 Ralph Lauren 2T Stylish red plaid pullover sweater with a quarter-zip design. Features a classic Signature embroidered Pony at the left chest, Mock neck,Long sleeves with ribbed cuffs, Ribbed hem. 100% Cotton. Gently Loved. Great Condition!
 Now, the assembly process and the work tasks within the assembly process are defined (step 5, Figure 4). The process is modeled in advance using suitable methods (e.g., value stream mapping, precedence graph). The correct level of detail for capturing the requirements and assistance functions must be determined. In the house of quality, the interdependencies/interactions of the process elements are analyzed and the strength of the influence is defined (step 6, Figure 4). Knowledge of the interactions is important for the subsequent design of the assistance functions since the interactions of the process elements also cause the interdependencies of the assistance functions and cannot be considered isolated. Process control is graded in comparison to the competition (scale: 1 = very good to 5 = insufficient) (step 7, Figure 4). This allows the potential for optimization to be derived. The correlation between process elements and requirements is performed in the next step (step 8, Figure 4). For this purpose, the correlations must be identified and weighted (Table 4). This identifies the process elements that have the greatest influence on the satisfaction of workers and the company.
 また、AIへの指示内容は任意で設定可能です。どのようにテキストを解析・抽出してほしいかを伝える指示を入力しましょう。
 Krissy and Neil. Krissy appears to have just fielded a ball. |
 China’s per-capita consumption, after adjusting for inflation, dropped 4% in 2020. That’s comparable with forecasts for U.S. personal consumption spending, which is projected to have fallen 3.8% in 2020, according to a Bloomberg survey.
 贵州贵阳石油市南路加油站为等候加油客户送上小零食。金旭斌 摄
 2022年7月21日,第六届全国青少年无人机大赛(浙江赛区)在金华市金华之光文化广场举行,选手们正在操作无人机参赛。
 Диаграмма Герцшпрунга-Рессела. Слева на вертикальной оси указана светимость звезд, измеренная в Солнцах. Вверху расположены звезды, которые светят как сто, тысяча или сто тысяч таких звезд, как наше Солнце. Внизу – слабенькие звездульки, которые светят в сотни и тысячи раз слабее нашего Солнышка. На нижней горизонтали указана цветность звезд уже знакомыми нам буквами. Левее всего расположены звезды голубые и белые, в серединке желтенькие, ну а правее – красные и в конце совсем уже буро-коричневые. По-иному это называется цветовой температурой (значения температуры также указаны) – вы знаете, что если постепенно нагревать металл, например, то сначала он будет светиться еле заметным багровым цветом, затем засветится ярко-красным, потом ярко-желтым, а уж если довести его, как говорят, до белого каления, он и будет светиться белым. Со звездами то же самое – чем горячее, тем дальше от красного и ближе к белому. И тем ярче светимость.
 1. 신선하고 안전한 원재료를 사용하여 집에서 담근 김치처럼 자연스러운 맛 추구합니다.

What you have to do:
Each record is to be retyped exactly as it appears.

Reply:
 Ralph Lauren 2T Stylish red plaid pullover sweater with a quarter-zip design. Features a classic Signature embroidered Pony at the left chest, Mock neck,Long sleeves with ribbed cuffs, Ribbed hem. 100% Cotton. Gently Loved. Great Condition!
 Now, the assembly process and the work tasks within the assembly process are defined (step 5, Figure 4). The process is modeled in advance using suitable methods (e.g., value stream mapping, precedence graph). The correct level of detail for capturing the requirements and assistance functions must be determined. In the house of quality, the interdependencies/interactions of the process elements are analyzed and the strength of the influence is defined (step 6, Figure 4). Knowledge of the interactions is important for the subsequent design of the assistance functions since the interactions of the process elements also cause the interdependencies of the assistance functions and cannot be considered isolated. Process control is graded in comparison to the competition (scale: 1 = very good to 5 = insufficient) (step 7, Figure 4). This allows the potential for optimization to be derived. The correlation between process elements and requirements is performed in the next step (step 8, Figure 4). For this purpose, the correlations must be identified and weighted (Table 4). This identifies the process elements that have the greatest influence on the satisfaction of workers and the company.
 また、AIへの指示内容は任意で設定可能です。どのようにテキストを解析・抽出してほしいかを伝える指示を入力しましょう。
 Krissy and Neil. Krissy appears to have just fielded a ball. |
 China’s per-capita consumption, after adjusting for inflation, dropped 4% in 2020. That’s comparable with forecasts for U.S. personal consumption spending, which is projected to have fallen 3.8% in 2020, according to a Bloomberg survey.
 贵州贵阳石油市南路加油站为等候加油客户送上小零食。金旭斌 摄
 2022年7月21日,第六届全国青少年无人机大赛(浙江赛区)在金华市金华之光文化广场举行,选手们正在操作无人机参赛。
 Диаграмма Герцшпрунга-Рессела. Слева на вертикальной оси указана светимость звезд, измеренная в Солнцах. Вверху расположены звезды, которые светят как сто, тысяча или сто тысяч таких звезд, как наше Солнце. Внизу – слабенькие звездульки, которые светят в сотни и тысячи раз слабее нашего Солнышка. На нижней горизонтали указана цветность звезд уже знакомыми нам буквами. Левее всего расположены звезды голубые и белые, в серединке желтенькие, ну а правее – красные и в конце совсем уже буро-коричневые. По-иному это называется цветовой температурой (значения температуры также указаны) – вы знаете, что если постепенно нагревать металл, например, то сначала он будет светиться еле заметным багровым цветом, затем засветится ярко-красным, потом ярко-желтым, а уж если довести его, как говорят, до белого каления, он и будет светиться белым. Со звездами то же самое – чем горячее, тем дальше от красного и ближе к белому. И тем ярче светимость.
 1. 신선하고 안전한 원재료를 사용하여 집에서 담근 김치처럼 자연스러운 맛 추구합니다.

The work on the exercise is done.